### Supplied records
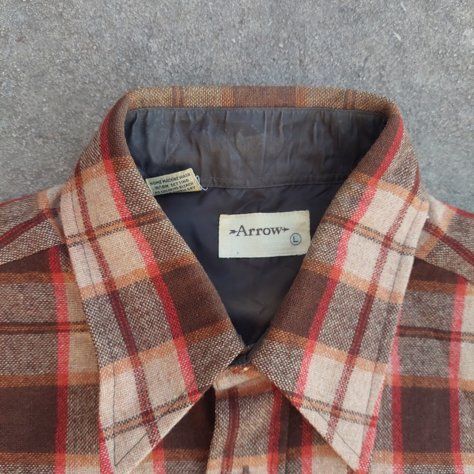 как выглядит Vintage Arrow Flannel Plaid Button Shirt Size Large 70s 80s фото
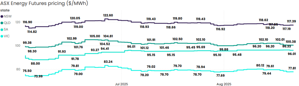 VIC futures dipped 0.2% to $77.81/MWh, but showed the highest price volatility of all NEM states, ranging from $77.75 to $80.12/MWh. Underlying demand declined 4%, while wind and solar performance supported grid conditions. Despite the dip, volatility remains a key consideration for Victorian businesses.
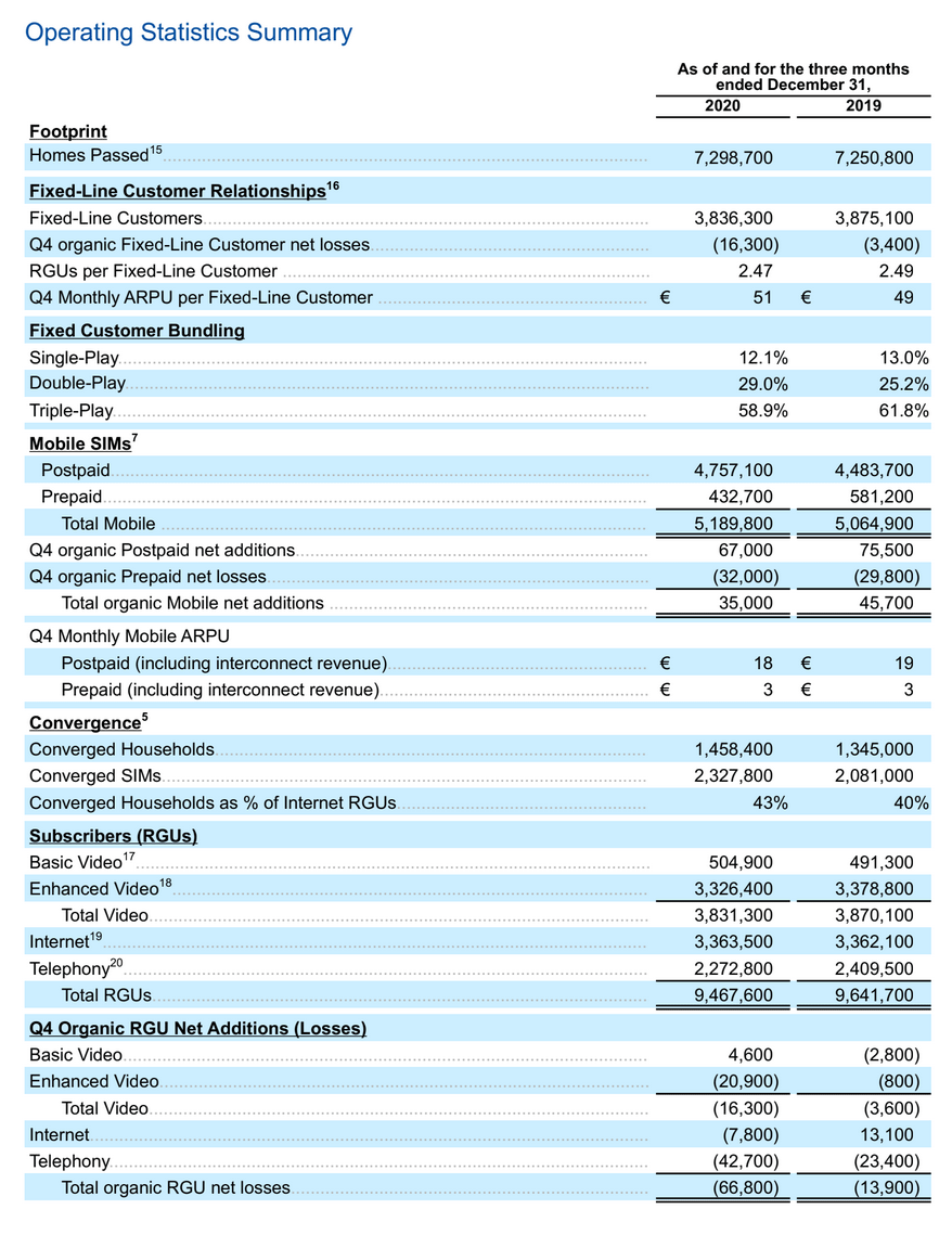 Het aantal abonnees van vaste diensten bij VodafoneZiggo nam dus iets af, maar de provider kreeg er meer mobiele abonnees bij. Er waren 4,76 miljoen abonnementen in het vierde kwartaal, een jaar eerder waren dat er 4,48 miljoen. Het aantal prepaidsims nam wel flink af, van 581.200 naar 432.700. Vodafone-abonnees betaalden gemiddeld 18 euro per maand voor hun mobiele abonnement. Een jaar eerder was dat 19 euro. Prepaidklanten betalen gemiddeld drie euro per maand en dat is ongewijzigd.
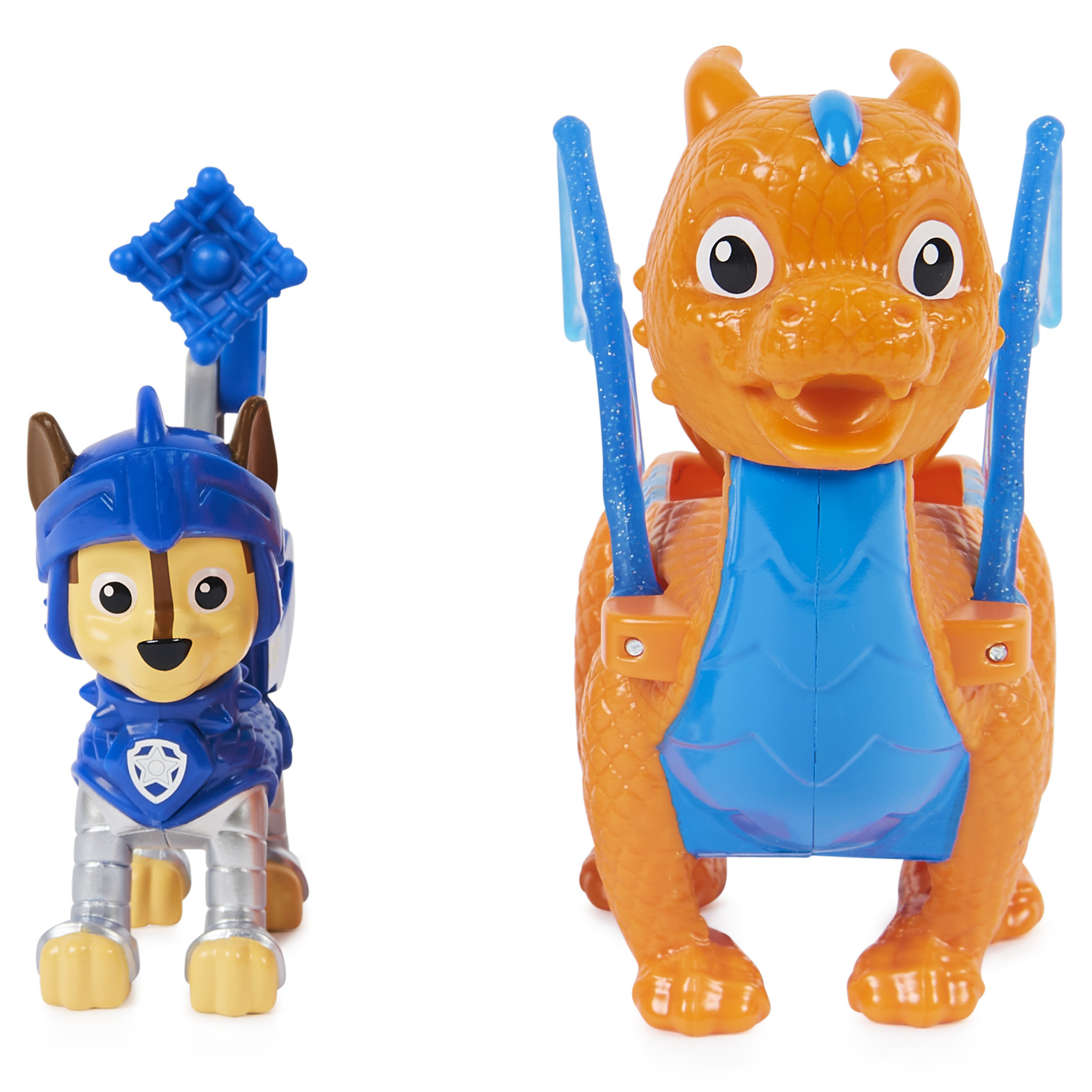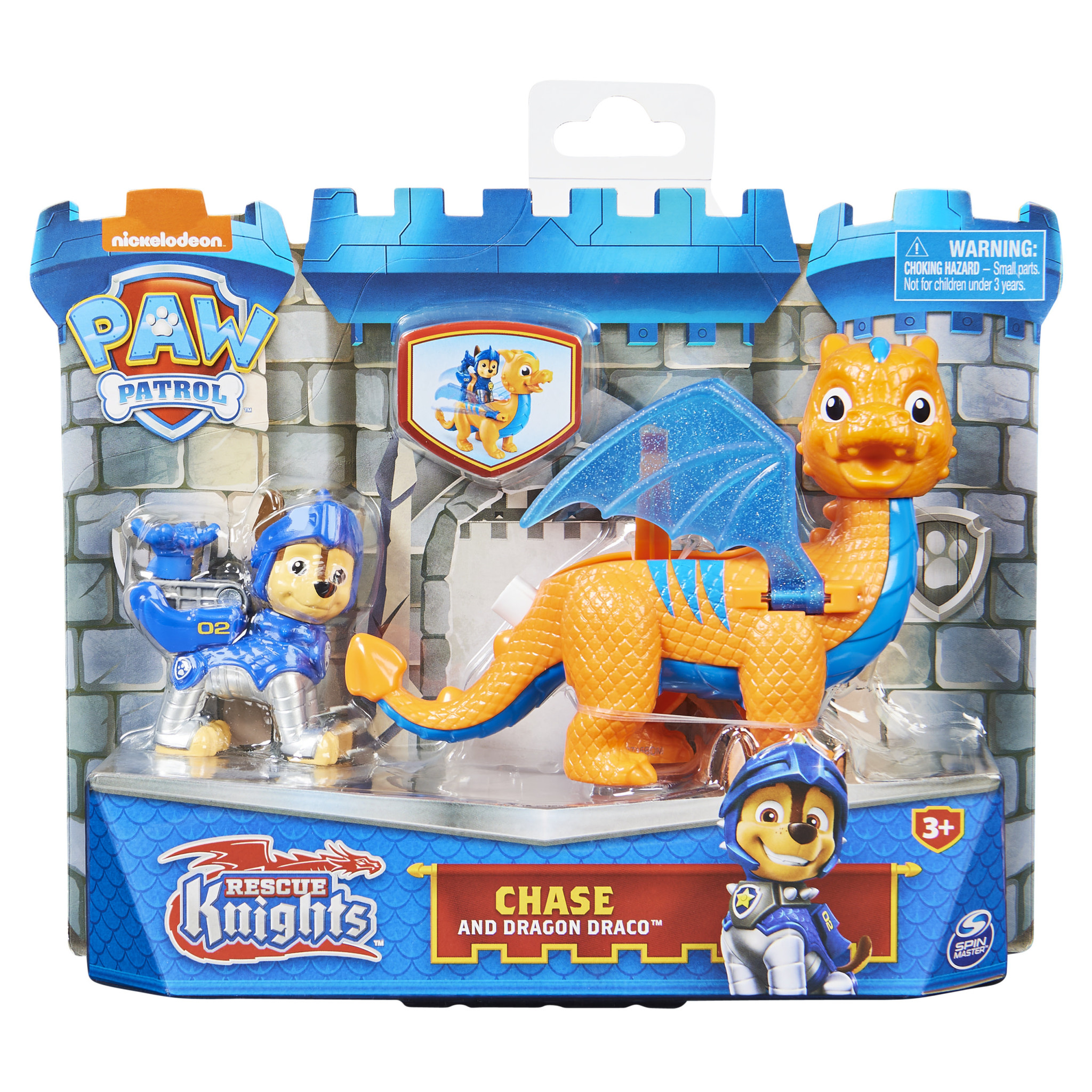 PAW Patrol reist naar de middeleeuwen. Ga mee met je favoriete pups en hun nieuwe drakenvriendjes, en beleef spannende reddingsmissies met de Rescue Knights Pup & Draak-sets. Deze set actiefiguren bevat een pup en zijn trouwe drakenvriendje. De geliefde pup van PAW Patrol draagt zijn Rescue Knights-harnas en is klaar om in actie te komen. Druk op de badgeknop om het gereedschap in zijn rugzak te transformeren en open te klappen. Klem de pup vervolgens op de rug van draak en druk op de knop op de staart om de glinsterende, doorzichtige vleugels te laten bewegen. Deze geweldige set brengt al het middeleeuwse plezier van de populaire tv-serie tot leven. Verzamel alle Rescue Knights Pup & Draak-sets, elk afzonderlijk verkocht, en gebruik je fantasie om keer op keer je eigen reddingsmissies te verzinnen. Verken het transformerend Kasteel, speelset wordt afzonderlijk verkocht, voor nog meer speelmogelijkheden. De Rescue Knights PAW Patrol-actiefiguren en -draken zijn het perfecte speelgoed voor jongens en meisjes. Inhoud: 1 Paw Patrol-figuur, 1 draakfiguur
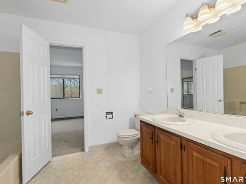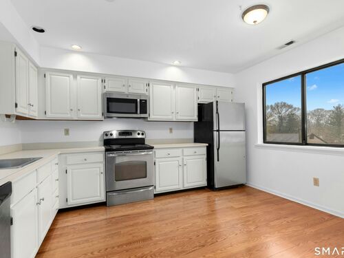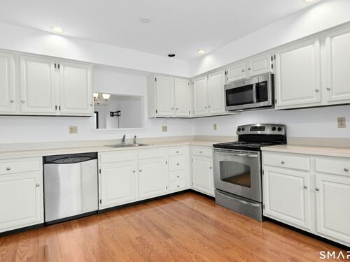 Welcome to Fillow Ridge, an exceptional townhouse community in West Norwalk offering comfort, convenience, and an unbeatable location. Just a short stroll to the scenic greens of Oak Hills Golf Course, this residence is set in one of the area's most desirable neighborhoods. Inside, the main level welcomes you with an expansive living room centered around a charming fireplace, creating a warm and inviting setting. Sliding glass doors open to a private deck, providing the perfect extension of your living space for relaxing or entertaining outdoors. The generously sized dining area flows effortlessly into the kitchen, making gatherings both comfortable and convenient. The sun-filled eat-in kitchen offers abundant space for cooking and casual dining, complete with pleasant views that enhance the experience. Upstairs, the tranquil primary bedroom features oversized windows and an entire wall of closets for excellent storage. The second bedroom is equally bright and spacious, offering both a walk-in closet and an additional closet. A well-appointed Jack & Jill bathroom connects the two bedrooms and includes a separate shower, soaking tub, and dual sinks for added comfort and functionality. Additional highlights include a pull-down attic for extra storage and ample unassigned parking for residents and guests. Fillow Ridge combines everyday practicality with a prime West Norwalk location, making it a wonderful place to make a home. Close to all the areas amenities.
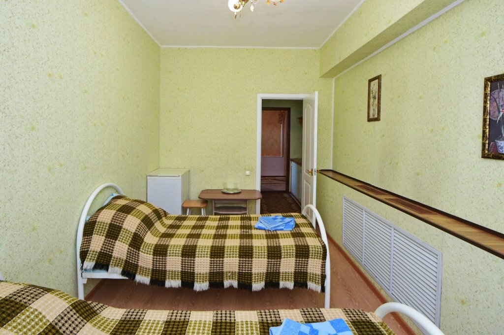 Номер — три кровати, тумбочка. Телевизор не работает. К утру в санузле стоял запах канализации. Не критично для одной ночи.

### Exercise goal
Each record is to be restated word for word; no picture goes in.

### Response box
 как выглядит Vintage Arrow Flannel Plaid Button Shirt Size Large 70s 80s фото
 VIC futures dipped 0.2% to $77.81/MWh, but showed the highest price volatility of all NEM states, ranging from $77.75 to $80.12/MWh. Underlying demand declined 4%, while wind and solar performance supported grid conditions. Despite the dip, volatility remains a key consideration for Victorian businesses.
 Het aantal abonnees van vaste diensten bij VodafoneZiggo nam dus iets af, maar de provider kreeg er meer mobiele abonnees bij. Er waren 4,76 miljoen abonnementen in het vierde kwartaal, een jaar eerder waren dat er 4,48 miljoen. Het aantal prepaidsims nam wel flink af, van 581.200 naar 432.700. Vodafone-abonnees betaalden gemiddeld 18 euro per maand voor hun mobiele abonnement. Een jaar eerder was dat 19 euro. Prepaidklanten betalen gemiddeld drie euro per maand en dat is ongewijzigd.
 PAW Patrol reist naar de middeleeuwen. Ga mee met je favoriete pups en hun nieuwe drakenvriendjes, en beleef spannende reddingsmissies met de Rescue Knights Pup & Draak-sets. Deze set actiefiguren bevat een pup en zijn trouwe drakenvriendje. De geliefde pup van PAW Patrol draagt zijn Rescue Knights-harnas en is klaar om in actie te komen. Druk op de badgeknop om het gereedschap in zijn rugzak te transformeren en open te klappen. Klem de pup vervolgens op de rug van draak en druk op de knop op de staart om de glinsterende, doorzichtige vleugels te laten bewegen. Deze geweldige set brengt al het middeleeuwse plezier van de populaire tv-serie tot leven. Verzamel alle Rescue Knights Pup & Draak-sets, elk afzonderlijk verkocht, en gebruik je fantasie om keer op keer je eigen reddingsmissies te verzinnen. Verken het transformerend Kasteel, speelset wordt afzonderlijk verkocht, voor nog meer speelmogelijkheden. De Rescue Knights PAW Patrol-actiefiguren en -draken zijn het perfecte speelgoed voor jongens en meisjes. Inhoud: 1 Paw Patrol-figuur, 1 draakfiguur
 Welcome to Fillow Ridge, an exceptional townhouse community in West Norwalk offering comfort, convenience, and an unbeatable location. Just a short stroll to the scenic greens of Oak Hills Golf Course, this residence is set in one of the area's most desirable neighborhoods. Inside, the main level welcomes you with an expansive living room centered around a charming fireplace, creating a warm and inviting setting. Sliding glass doors open to a private deck, providing the perfect extension of your living space for relaxing or entertaining outdoors. The generously sized dining area flows effortlessly into the kitchen, making gatherings both comfortable and convenient. The sun-filled eat-in kitchen offers abundant space for cooking and casual dining, complete with pleasant views that enhance the experience. Upstairs, the tranquil primary bedroom features oversized windows and an entire wall of closets for excellent storage. The second bedroom is equally bright and spacious, offering both a walk-in closet and an additional closet. A well-appointed Jack & Jill bathroom connects the two bedrooms and includes a separate shower, soaking tub, and dual sinks for added comfort and functionality. Additional highlights include a pull-down attic for extra storage and ample unassigned parking for residents and guests. Fillow Ridge combines everyday practicality with a prime West Norwalk location, making it a wonderful place to make a home. Close to all the areas amenities.
 Номер — три кровати, тумбочка. Телевизор не работает. К утру в санузле стоял запах канализации. Не критично для одной ночи.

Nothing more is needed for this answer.